(Records from a dataset)
>>>

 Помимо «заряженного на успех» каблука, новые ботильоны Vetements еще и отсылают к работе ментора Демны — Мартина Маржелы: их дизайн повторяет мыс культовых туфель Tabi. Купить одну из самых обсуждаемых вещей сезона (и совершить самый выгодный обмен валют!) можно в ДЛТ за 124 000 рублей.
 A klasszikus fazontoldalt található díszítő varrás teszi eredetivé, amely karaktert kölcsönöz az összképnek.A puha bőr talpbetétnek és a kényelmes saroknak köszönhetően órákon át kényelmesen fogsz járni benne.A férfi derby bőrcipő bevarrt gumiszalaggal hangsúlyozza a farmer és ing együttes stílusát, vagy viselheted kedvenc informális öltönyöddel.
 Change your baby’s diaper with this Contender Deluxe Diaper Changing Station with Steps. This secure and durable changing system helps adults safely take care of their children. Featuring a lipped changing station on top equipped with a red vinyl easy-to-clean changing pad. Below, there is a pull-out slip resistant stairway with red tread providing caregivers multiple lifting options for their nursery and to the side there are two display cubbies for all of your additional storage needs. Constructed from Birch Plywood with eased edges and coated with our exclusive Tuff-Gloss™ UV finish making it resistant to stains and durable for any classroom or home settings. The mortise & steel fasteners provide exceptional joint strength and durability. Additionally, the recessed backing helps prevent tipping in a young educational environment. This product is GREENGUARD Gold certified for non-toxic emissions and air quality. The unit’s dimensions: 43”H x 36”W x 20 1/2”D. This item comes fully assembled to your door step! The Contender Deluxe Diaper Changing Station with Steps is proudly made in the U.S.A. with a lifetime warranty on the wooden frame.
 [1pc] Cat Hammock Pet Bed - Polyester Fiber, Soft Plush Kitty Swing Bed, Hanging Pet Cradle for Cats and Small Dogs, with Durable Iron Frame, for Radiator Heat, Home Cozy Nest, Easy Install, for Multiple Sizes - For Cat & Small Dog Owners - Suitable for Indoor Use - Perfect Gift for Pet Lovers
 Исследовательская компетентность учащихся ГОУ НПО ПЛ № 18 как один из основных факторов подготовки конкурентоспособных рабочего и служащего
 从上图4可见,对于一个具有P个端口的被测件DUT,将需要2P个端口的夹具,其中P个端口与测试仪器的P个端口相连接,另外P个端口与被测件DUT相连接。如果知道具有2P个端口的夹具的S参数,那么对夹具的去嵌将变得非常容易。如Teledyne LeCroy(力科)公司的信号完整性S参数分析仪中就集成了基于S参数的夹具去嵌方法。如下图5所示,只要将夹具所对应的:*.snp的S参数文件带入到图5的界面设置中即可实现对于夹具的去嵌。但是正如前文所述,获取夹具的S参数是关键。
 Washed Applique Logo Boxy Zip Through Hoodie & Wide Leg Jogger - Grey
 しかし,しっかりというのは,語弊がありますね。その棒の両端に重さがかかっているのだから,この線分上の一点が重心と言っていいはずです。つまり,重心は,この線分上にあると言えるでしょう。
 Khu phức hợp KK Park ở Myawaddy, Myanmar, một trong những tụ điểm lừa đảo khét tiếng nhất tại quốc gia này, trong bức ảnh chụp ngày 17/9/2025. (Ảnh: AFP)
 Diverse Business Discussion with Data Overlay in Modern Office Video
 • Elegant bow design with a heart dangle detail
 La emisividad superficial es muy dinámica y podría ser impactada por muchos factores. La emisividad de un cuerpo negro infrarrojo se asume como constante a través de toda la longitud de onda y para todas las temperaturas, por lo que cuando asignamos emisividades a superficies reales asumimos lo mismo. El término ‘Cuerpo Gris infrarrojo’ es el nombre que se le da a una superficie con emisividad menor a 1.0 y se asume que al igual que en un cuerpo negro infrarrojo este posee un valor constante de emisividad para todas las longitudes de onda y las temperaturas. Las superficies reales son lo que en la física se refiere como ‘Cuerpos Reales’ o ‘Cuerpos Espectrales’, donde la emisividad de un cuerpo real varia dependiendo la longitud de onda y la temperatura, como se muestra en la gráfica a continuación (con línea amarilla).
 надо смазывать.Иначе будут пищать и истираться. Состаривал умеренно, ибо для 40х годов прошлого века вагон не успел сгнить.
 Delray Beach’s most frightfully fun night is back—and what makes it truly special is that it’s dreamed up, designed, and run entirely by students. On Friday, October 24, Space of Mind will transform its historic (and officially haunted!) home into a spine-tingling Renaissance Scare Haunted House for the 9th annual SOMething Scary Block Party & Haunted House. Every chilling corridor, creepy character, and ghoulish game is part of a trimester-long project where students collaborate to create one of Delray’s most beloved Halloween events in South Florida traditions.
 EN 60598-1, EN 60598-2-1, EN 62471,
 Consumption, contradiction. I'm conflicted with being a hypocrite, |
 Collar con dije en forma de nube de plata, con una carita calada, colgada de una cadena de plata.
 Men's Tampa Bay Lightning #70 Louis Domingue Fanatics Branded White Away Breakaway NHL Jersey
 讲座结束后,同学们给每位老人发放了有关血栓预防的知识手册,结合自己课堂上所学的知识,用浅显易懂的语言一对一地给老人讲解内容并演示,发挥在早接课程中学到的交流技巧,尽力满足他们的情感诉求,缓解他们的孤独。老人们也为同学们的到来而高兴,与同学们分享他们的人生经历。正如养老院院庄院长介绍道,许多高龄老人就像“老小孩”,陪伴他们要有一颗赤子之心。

<<<

▶ [About this exercise]:
Report each line in the data that holds the word "with".

▶ [Result]:
 Change your baby’s diaper with this Contender Deluxe Diaper Changing Station with Steps. This secure and durable changing system helps adults safely take care of their children. Featuring a lipped changing station on top equipped with a red vinyl easy-to-clean changing pad. Below, there is a pull-out slip resistant stairway with red tread providing caregivers multiple lifting options for their nursery and to the side there are two display cubbies for all of your additional storage needs. Constructed from Birch Plywood with eased edges and coated with our exclusive Tuff-Gloss™ UV finish making it resistant to stains and durable for any classroom or home settings. The mortise & steel fasteners provide exceptional joint strength and durability. Additionally, the recessed backing helps prevent tipping in a young educational environment. This product is GREENGUARD Gold certified for non-toxic emissions and air quality. The unit’s dimensions: 43”H x 36”W x 20 1/2”D. This item comes fully assembled to your door step! The Contender Deluxe Diaper Changing Station with Steps is proudly made in the U.S.A. with a lifetime warranty on the wooden frame.
 [1pc] Cat Hammock Pet Bed - Polyester Fiber, Soft Plush Kitty Swing Bed, Hanging Pet Cradle for Cats and Small Dogs, with Durable Iron Frame, for Radiator Heat, Home Cozy Nest, Easy Install, for Multiple Sizes - For Cat & Small Dog Owners - Suitable for Indoor Use - Perfect Gift for Pet Lovers
 Diverse Business Discussion with Data Overlay in Modern Office Video
 • Elegant bow design with a heart dangle detail
 Consumption, contradiction. I'm conflicted with being a hypocrite, |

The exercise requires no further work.